Jobless claims fell again last week, the government said Thursday.
444,000 Americans filed for unemployment benefits in the week ended May 15, the fewest of the pandemic era (figure below). The previous week’s total was revised marginally higher.
The four-week moving average fell to 504,750, the lowest since March 14, 2020.
Initial claims have fallen by around half since Joe Biden took office. The US is now 250,000 below the pre-pandemic record set in 1982.
It was the fifth week in six that initial claims fell (figure below).
Continuing claims disappointed, rising 111,000 to 3.75 million in the week ended May 8. That was higher than estimates. The market was looking for 3.63 million.
The steady grind lower in initial claims suggests ongoing progress in the labor market, although we’re still living in the shadow of April’s NFP downside “shocker.” The GOP continues to insist enhanced unemployment benefits are discouraging the jobless from returning to work, although concrete evidence of that is scant outside of anecdotes about labor shortages.
Crucially, it’s not that anyone doubts businesses are having problems hiring “qualified” workers. There is evidence to support that contention (figure below).
Rather, quite a few folks are skeptical about the notion that jobless benefits are the proximate cause of the problem.
One can conjure a veritable laundry list of contributing factors, and while enhanced unemployment benefits is on that list, I’m not sure it’s at the top.
“The biggest problem in the jobs market does appear to be the lack of supply of workers,” ING’s James Knightley said Thursday, on the way to listing four key contributors (the list, below, is a direct quote from Knightley):
- Not all schools have returned to in-person [learning], meaning many parents that would be going out to work are having to stay home to look after children
- Some workers remain nervous about returning to work given the pandemic is not yet over
- Some older workers who lost their job may have opted for early retirement
- Expanded and uprated unemployment benefits may diminish the attractiveness of seeking work ā especially when factoring the cost of commuting and/or childcare
And, as I’ve argued previously, if government benefits are changing the calculus in the labor market by contributing to worker scarcity, thereby strengthening labor’s hand when it comes to negotiating for higher pay, then so be it.
Capital has worked for decades to strip labor not just of the capacity to argue for better wages and benefits, but of its dignity too.
The market for daily financial commentary (whether platform-based or ad hoc, via social media) is chock-full of would-be populists purporting to champion the plight of the American Everyman. And yet, when it comes to the capital versus labor divide, virtually all of those voices land squarely on the side of capital.
Funny how that works.
An odd trend in engineering job specs is that employers seem to be asking for technicians. Since the employers have the funding, why not write the job description as a request for technicians? (Well obviously, if technicians are paid more, then there should be sufficient funding for good pay for the factory floor folks. Then the sky’s the limit for engineering pay!)
One recently e-mailed job description requested: basic theoretical radio-astronomy experience, Linux OS installation expertise, and welding (both TIG and MIG) certification. I’m planning to advise the recruiter that yes, I want to send in my resume (although I know nothing about welding). At the very least, I want to interview the people who wrote that job description.
Data point
Lovely!
Well we will find out a lot when enhanced unemployment benefits roll off in September and in person school comes back in the fall. I also believe there is going to be a second order effect damaging white collar employment coming soon.
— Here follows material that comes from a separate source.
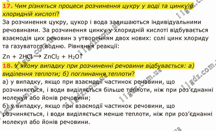 Чим різняться процеси розчинення цукру у воді та цинку в хлоридній кислоті? За розчинення цукру, цукор і вода залишаються індивідуальними речовинами. За розчинення цинку у хлоридній кислоті відбувається взаємодія цих речовин з утворенням двох нових: солі цинк хлориду та газуватого водню. Рівняння реакції: Zn + 2HCl → ZnCl2 + H2O↑ 18. У якому випадку при розчиненні речовини відбувається: а) виділення теплоти; б) поглинання теплоти? а) у випадку, якщо при взаємодії частинок речовини, що розчиняється, і води виділяється більше теплоти, ніж при роз’єднанні молекул або йонів речовини; б) у випадку, якщо при взаємодії частинок речовини, що розчиняється, і води виділяється менше теплоти, ніж при роз’єднанні молекул або йонів речовини.

In businesses whose decline has been accelerated, many businesses have held onto workers during the pandemic to make sure work gets done and morale is somewhat less damaged while remote working. My guess is that this will come to an end very shortly as well. We could well see something of a rebound in service employment , while white collar work for larger companies decline at the same time. Meanwhile work that involves making, building and maintaining real things make a bounce. Nope the volatility in the labor market is not going to end soon.
I agree (see my previous response … “the sky’s the limit” comment on engineering/white collar pay was snarky). I think the people responsible for real-life builds & maintenance may have more job stability – typically that kind of work in at companies that are classified as “industrial”, not “technical”.
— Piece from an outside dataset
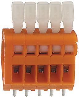 WAGO 233-504 4 Pole 6A 2.54mm Push Button PCB Terminal Block Orange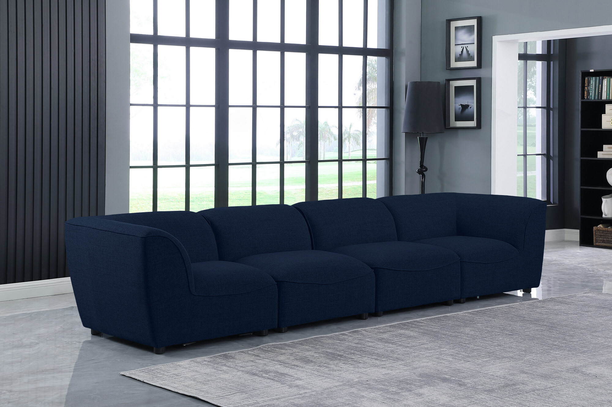 discountMiramar modular style navy blue linen fabric 4pcs sofa

“white collar work for larger companies decline at the same time” would bode very ill for consumer spending. The PTON bikes, LULU leggings, and LEN houses are mostly bought by those same white collar workers.
Something to remember about the dichotomy between service and manufacturing employment is that those terms are fairly misleading because while service businesses are fairly easy to classify, most of workers at manufacturing firms are actually service employees of the white collar type like financial services, accounting, human resources, IT engineering, and so forth.
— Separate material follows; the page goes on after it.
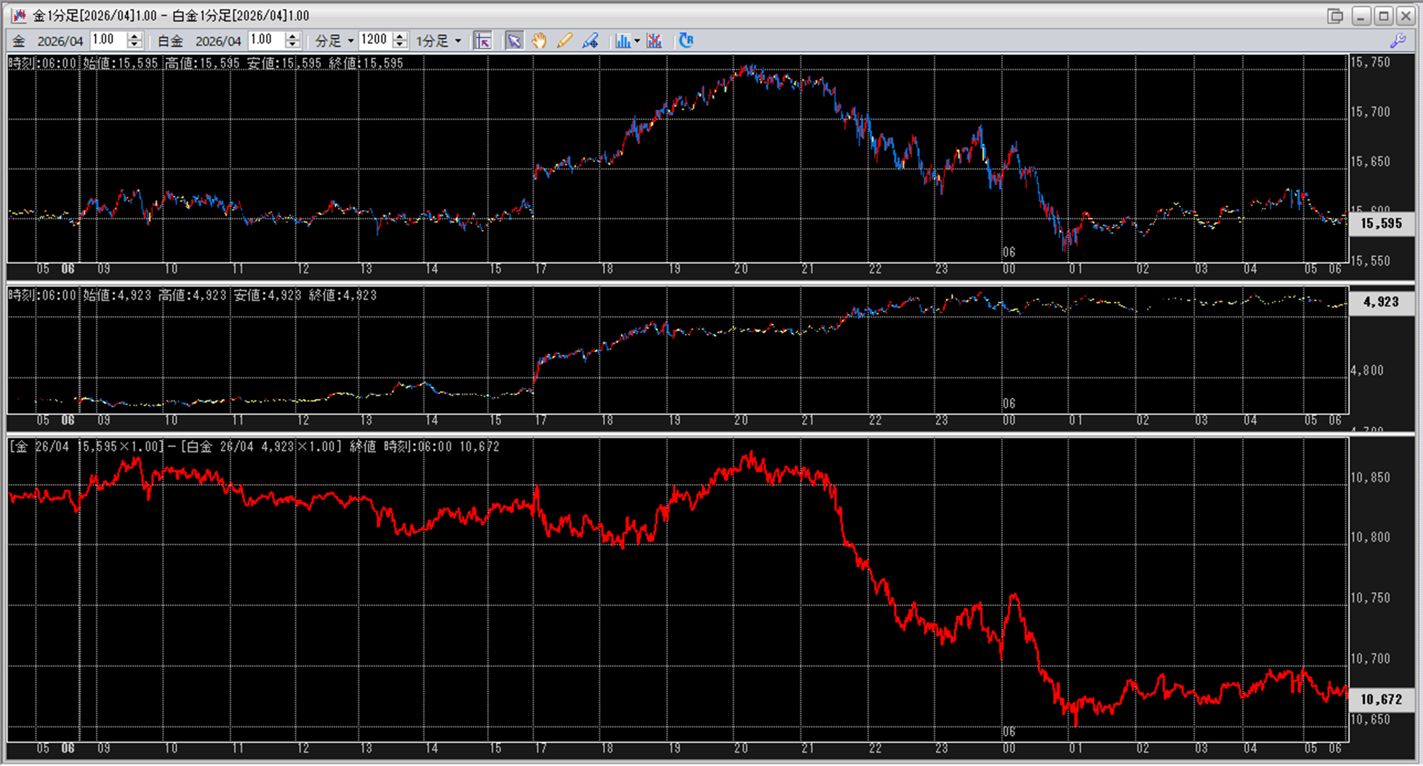 下:金白金鞘(金白金の価格差 = 金1グラムの価格 - 白金1グラムの価格)

I got a glimpse of the future last week when my daughter’s employer, an international digital ad agency sent all of its employees to the office for two days to get all of their stuff and take it home. While a few IT and ad production personnel would eventually return to reconfigured space to maintain the firm’s large internal cloud and data warehouse, for the foreseable future all the rest of the firm”s employees would be working from home with occasional trips to one of a few physical conference rooms when some face to face time is needed. Her husband’s employer, the largest in the city, has closed most of its space, leasing most of it to other tenants, is reshuffling management and looking to a highly modified future.